4. Motivation for the Model
Presence is defined in [21] as the ability, willingness, or desire to
communicate across a set of devices. The core of this definition is
the conveyance of information about the ability, willingness, or
desire for communications. Thus, the presence data model needs to be
tailored around conveying information that achieves this goal.
The person data component is targeted at conveying willingness and
desire for communications. It is used to represent information about
the users themselves that affects willingness and desire to
communicate. Whether I am in a meeting, whether I am on the phone -
each of these says something about my willingness to communicate, and
thus makes sense for inclusion in a presence document.
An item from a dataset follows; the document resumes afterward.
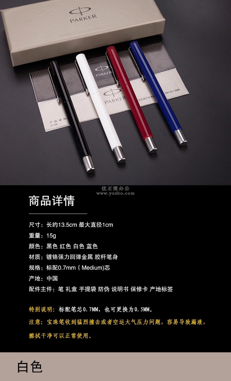 3、宝珠笔就是我们常说的签字笔。此笔原配一支派克笔芯,其型号为M(约0.7MM),可替换笔芯使用。可另行购买更细的F(0.5MM)使用。

The service component of the data model aims to convey information on
the ability to communicate. The ability to communicate is defined by
the services by which a user is reachable. Thus, including them is
essential.
How do devices fit in? For many users, devices represent the ability
to communicate, not services. Frequently, users make statements
like, "Call me on my cell phone" or "I'm at my desk". These are
statements for preference for communications using a specific device,
as opposed to a service. Thus, it is our expectation that users will
want to represent devices as part of the presence data.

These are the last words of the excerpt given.